Medici ben preparati
Contemporaneamente, la Sapienza Università di Roma e Gemme Dormienti - un'associazione nata proprio con l’obiettivo di proteggere la fertilità nei pazienti oncologici e affetti da malattie croniche invalidanti, in particolare donne - hanno dato vita alla prima Scuola di Alta Formazione in Oncofertilità (sostenuta da una donazione liberale di Merck&Co tramite MSD).

Secondo le stime, infatti, nel 2012 soltanto il 4% delle donne con una malattia oncologica ha ricevuto le informazioni sulla salute riproduttiva. “Rispetto a qualche anno fa, oggi la situazione è migliore, soprattutto nei grandi poli oncologici e abbiamo delle eccellenze, sebbene, come sempre accade in Italia, esistano grandi differenze tra le regioni”, spiega Paolo Marchetti, direttore di Oncologia Medica dell'Azienda universitaria Sant'Andrea di Roma e co-direttore della scuola di alta formazione.

A ispirare la nascita di questo percorso teorico-pratico – che è partito ad aprile e che proseguirà per un anno – è stata proprio l'importanza di comunicare alla paziente, in un momento molto delicato della sua vita, la possibilità di intervenire per tutelarla, e di farlo nel modo corretto: “L'ovaio ha una funzione riproduttiva, ma anche di protezione della salute generale: andare in menopausa a 54 anni o a 38 fa una grande differenza e questo le donne hanno il diritto di saperlo.

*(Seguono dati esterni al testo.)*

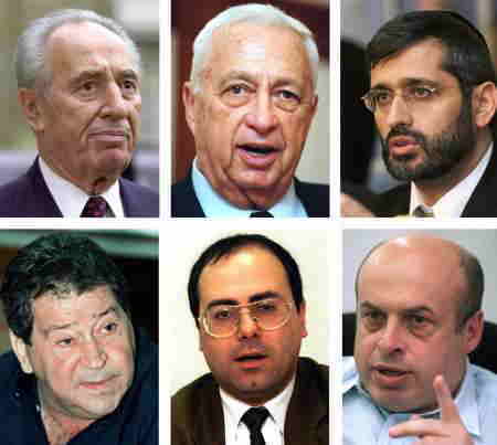 | 時計回りの一番上の中心から: ●アリエル・シャロン首相Ariel Sharon 、リカド派、●エリ・イシャイ内務大臣、Eli Yishai 、Shas 党、●ナタン・シャランスキー住宅建設大臣、Natan Sharansky 、イスラエル Ba 'Aliya 、 ●シルヴァン・シャロム大蔵大臣、Silvan Shalom 、リカド派、 ●ビニャミン・ベンエリーゼル国防大臣、Binyamin Ben-Eliezer 、労働者党、●シモン・ペレス外務大臣、Shimon Peres |

Dobbiamo garantire che tutte queste donne abbiano le stesse possibilità di ricevere le cura più adatta al proprio caso", continua Marchetti: "Per realizzare questo, serve un grande scambio di informazioni: i medici devono conoscere le diverse modalità di preservazione, tutti gli aspetti alla base del danno da farmaco e quelli biologici. E, nondimeno, la psicologia alla base della comunicazione tra medico e paziente per arrivare, insieme, a una scelta ragionata e condivisa”.